Novartis has agreed to sell its blood transfusion diagnostics unit to Spain's Grifols for $1.68 billion, the first of what many believe will be a number of sell-offs at the Swiss major.

Acquired in 2006, the unit is dedicated to "increasing transfusion safety worldwide with nucleic acid testing, blood testing products and immunoassay reagents that detect infectious disease", Novartis notes. It is headquartered in Emeryville, California, and posted sales last year of $565 million.

Novartis stressed that its companion diagnostics unit and the Genoptix business are not included in the sale as they are closely linked to its pharmaceuticals operations.
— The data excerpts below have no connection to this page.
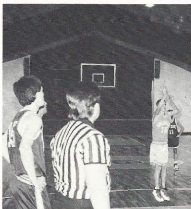
Mills floats a free throw toward the basket.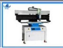
semi-auto stencil printer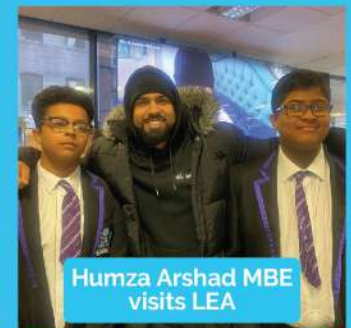
Humza Arshad MBE visits LEA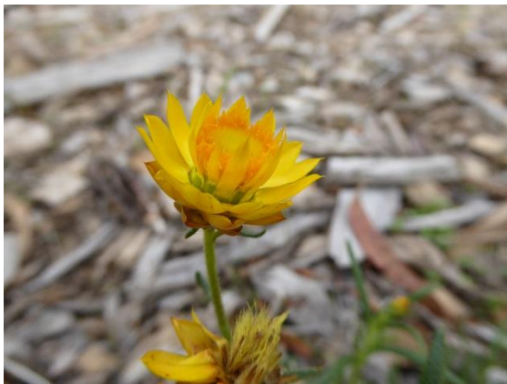
Xerochrysum viscosum , Sticky Everlasting. A hardy perennial daisy.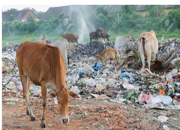
FIGURE 3 | Animals in a Polluted environment grazing on polluted soil.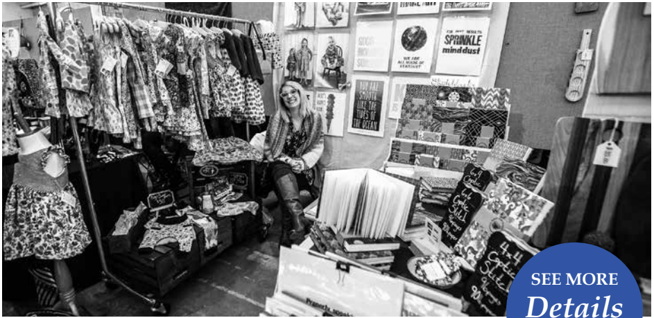
Cover & Above Photo by Jeff Crespi: Trenton Punk Rock Flea Market.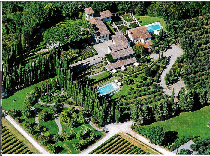
Above: Tuscan Chianti Estate in Tuscany, €17.15m. Below: the living room of a three-bedroom property at Les Résidences du Plein Air, Loire Valley, prices start at €2.3m

question has been envisioned by one of the world's leading architects. Rathbone Square ( www.rathbonesquare.co.uk ; penthouses from £4.475m), just north of Oxford Street in Fitzrovia, has been designed by Make Architects, whose founder, Ken Shuttleworth, is the defining hand behind such iconic landmarks as the Wembley Stadium arch, The Gherkin and the Millennium Bridge. One of the first to be created in the city centre for more than 100 years, the square will, on its completion in 2018, be a real live-work space, open to the public during the day, but allowing owners of the 142 sleek apartments to have it to themselves at night – along with the private pool, screening room, wine cellar and lounge.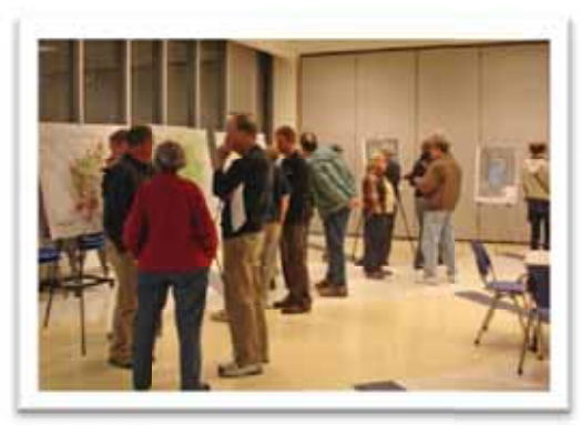
Public Input Meeting at the ARC

The second community-wide public input meeting was held March 15, 2012. The goal of this meeting was to solicit comments on the following planning documents: 2012 Draft Trails Plan, 2012 Draft Neighborhood Park Plan and lists of identified capital improvement projects for both existing facilities and facilities with an undetermined location.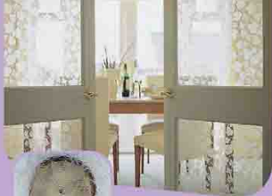
Pilkington Oriel Coppice™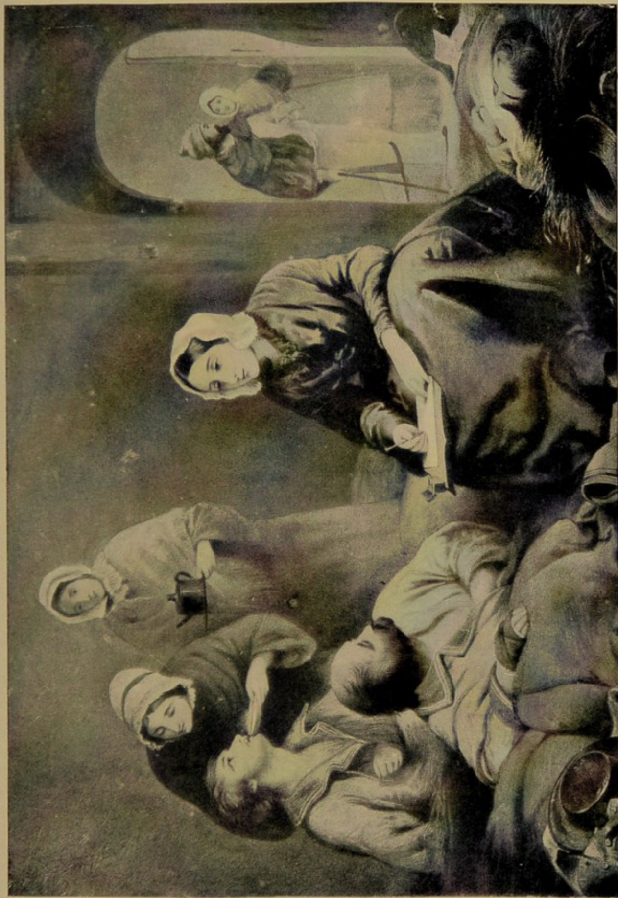
Florence Nightingale at the Therapia Hospital.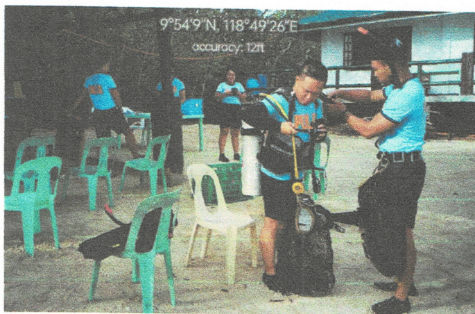
Photos during the conduct of "Scubasurero" of 2 nd SOU-MG at Snake Island on April 21, 2022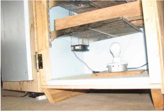
Photo 3 left Here is a photo of the lamp mount and computer fan, which is powered from a 12 volt DC supply.

I start raising the temperature after about four to five days, reference marks on the dimmer switch help to reproduce settings. I monitor the temperature with a Taylor Temperature/Humidistat and an old laboratory probe thermometer in one of the ventilation holes. I chart the date, temperature and humidity. I monitor the weight loss of several pieces and record the weights on the piece itself. Every few days, I give the dimmer a small incremental increase. As moisture leaves the wood and the cabinet, the heat energy, which was being used to vaporize the water, gradually increases the temperature of the interior quite significantly. At the end of the drying run, in winter conditions when the garage was colder, the final temperature was about 40° C and relative humidity about 20%. Currently in summer conditions, it is more than 45° C and about 25% RH. Red elm bowl blanks and spindle blanks up to about 2 3/4" x 15" have dried successfully to stable weight in two to three weeks. An 11" natural edge sugar maple bowl with walls just under 1", was ready to second turn in 12 days.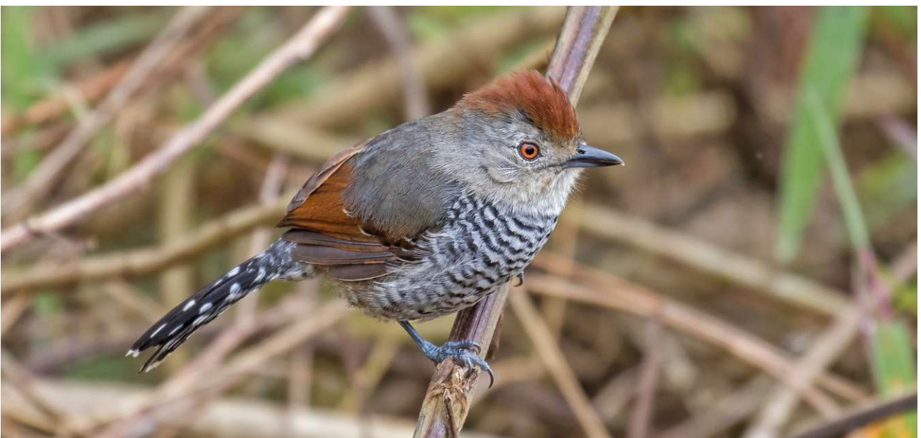
The delightful Rufous-capped Antshrike

The following day was to be a 'big one' as a potentially tough walk lay between us and our quarry – the spectacular Pale-billed Antpitta. A pair of White-throated Screech Owls got the adrenalin going even before first light, and as it turned out, the uphill slog was nowhere near as bad as we had been led to believe, and all made it comfortably, all enjoying spectacular views of this excellent antpitta at close range! As we poked around in the bamboo, we found a number of other interesting species, including Lacrimose Mountain Tanagers, colour-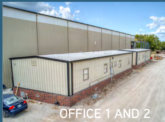
OFFICE 1 AND 2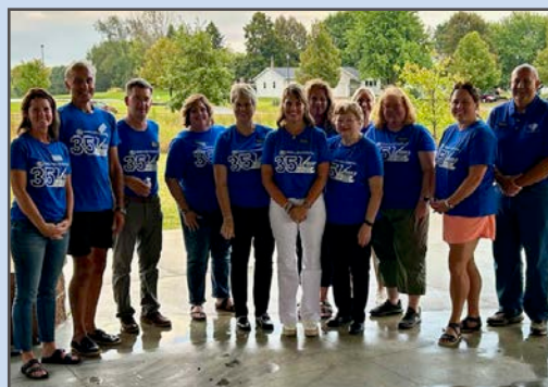
Waseca Area Foundation board members gather at the 35th Anniversary party in September 2024.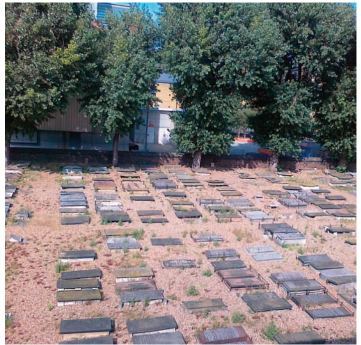
The Novo Cemetery before the re-landscaping work

It is traditional for Jewish gravestones to be plain and generally unadorned. However, some graves at the Novo depict synagogue imagery, such as books, arks and scrolls; other images include that of an arm reaching down from a cloud holding an axe and felling a tree, symbolic of a life cut short. In the Sephardic tradition the stones are placed horizontally above the grave – a statement of humility, acknowledging death as the great leveller. Small stones or pebbles are placed on top of the gravestones, rather than flowers, as a respectful mark of a visit.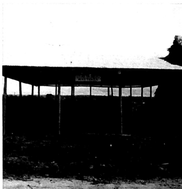
The roof is on and the back wall is up, on the Fourth Baptist Mission Building in Iquitos, Peru.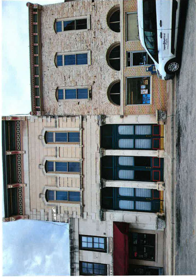
Photo of the current buildings; major renovation to tall doors, but more work in progress as of 4-6-26.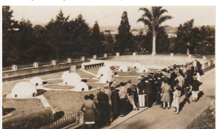
Figure 4. Serpentarium.

That is an opportunity to review, and consolidate learning about the nature of science. This case illustrates (repeatedly) that scientific ideas are one thing, but without the institutions and resources that materially enable research, science is empty. The image of the serpentarium, which became a popular tourist destination celebrated in postcards, helps underscore the indispensable role of infrastructure in science (Figure 4).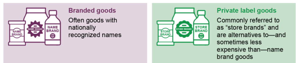
Figure 3: Product Types Sold in Department of Defense Commissaries and Exchanges

goods. Branded products are often products with nationally recognized names. Private label products are commonly referred to as “store brands” and are alternatives to—and generally less expensive than—branded products. (See figure 3.) Goods are called “direct import” when a company buys products directly from suppliers in another country, without using another person or organization to make arrangements for them.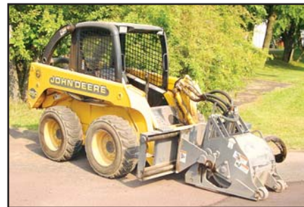
01 JD 250 and 01 Alitec CX18ATD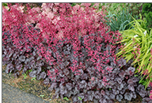
Glitter Coral Bells in bloom

Glitter Coral Bells is recommended for the following landscape applications;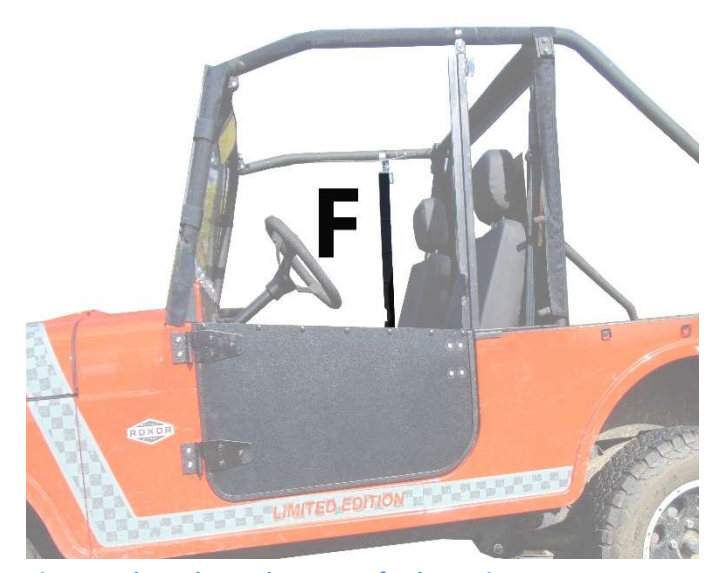
Figure 5: Photo shows placement of Velcro strips F.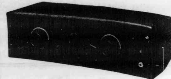
This is the CROSLY TRIRDYN 3R3

Whoso denieth the Son, the same hath not the Father; but he that acknowledgeth the Son hath the Father also."—1 John 2:21-24.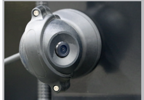
Camera as a standard feature.

Oil Condition Monitor OCM Safety scanner Adapter dies (for 160-series die sets) Oil cooler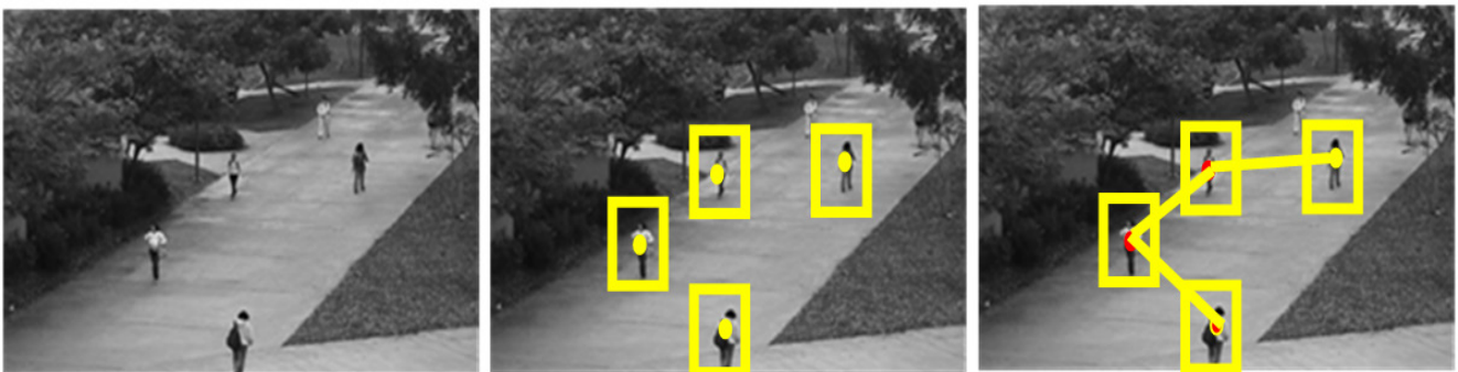
Figure 4. Distance measurement example

The estimated distance values are used to determine a T threshold value. This value is used to determine if any two or more people are separated by less than the T pixel threshold. The following equation is used to calculate the threshold T: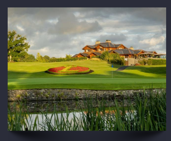
Couples - €5, 400

Mid-week; access to mid-week competitions and tee-times; full access to locker rooms and members' lounge; designated parking space; discounts on green fees, Pro Shop and bar; and more.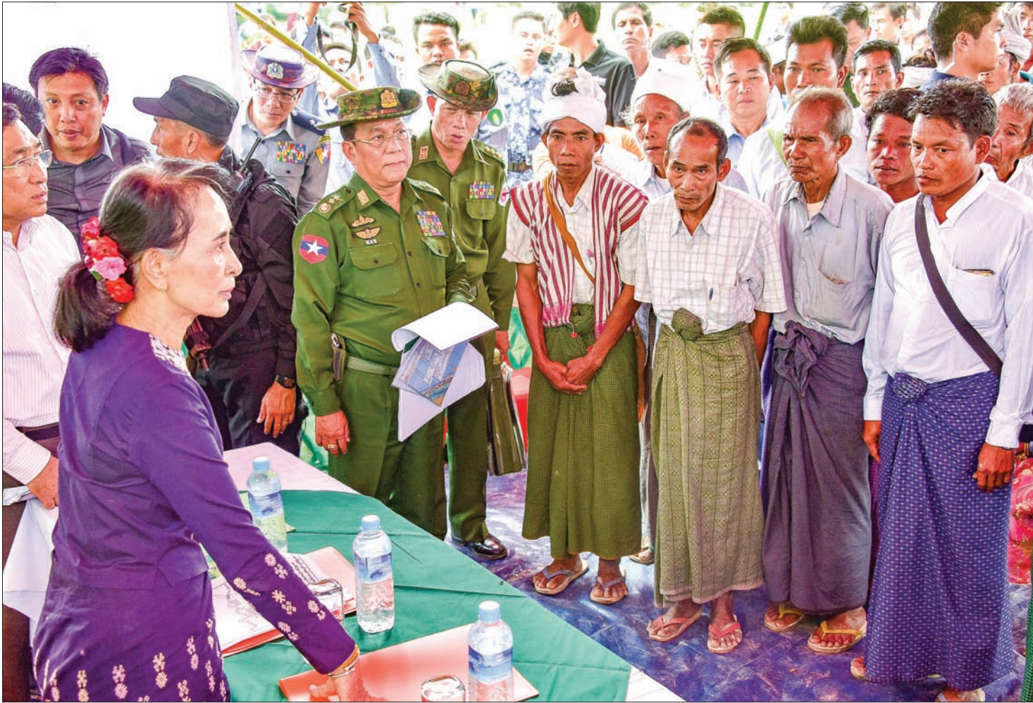
State Counsellor Daw Aung San Suu Kyi meets with Mro ethnic people from Khonhtaing Village in Maungtau yesterday.

Chief executive Joseph Jimenez added that the sale "enables us to focus more sharply on our strategic businesses".

However, quite what constitutes a strategic business for Novartis is under the microscope at the moment. The sale to Grifols, the world's third largest producer of plasma-derived therapies, follows a group-wide review headed by new chairman Joerg Reinhardt.

Novartis is a market leader in three fields - pharmaceuticals, eyecare and generics - but is looking at what role three other divisions (vaccines and diagnostics, over-the-counter products and animal health) will have in the future.

Regarding the latter units, Mr Jimenez told Reuters that "we need to have global scale in these businesses and right now we're in that process of gaining scale or considering other options for these businesses". He added that "I wouldn't want to speculate on the outcome [as] our objective is to determine what it would take to gain global scale". If that is not possible, sell-offs "would be a potential outcome".

As for Grifols, the Barcelona-based group is financing the acquisition with a $1.5 billion loan from Nomura, BBVA and Morgan Stanley. The deal is expected to close in the first half of 2014.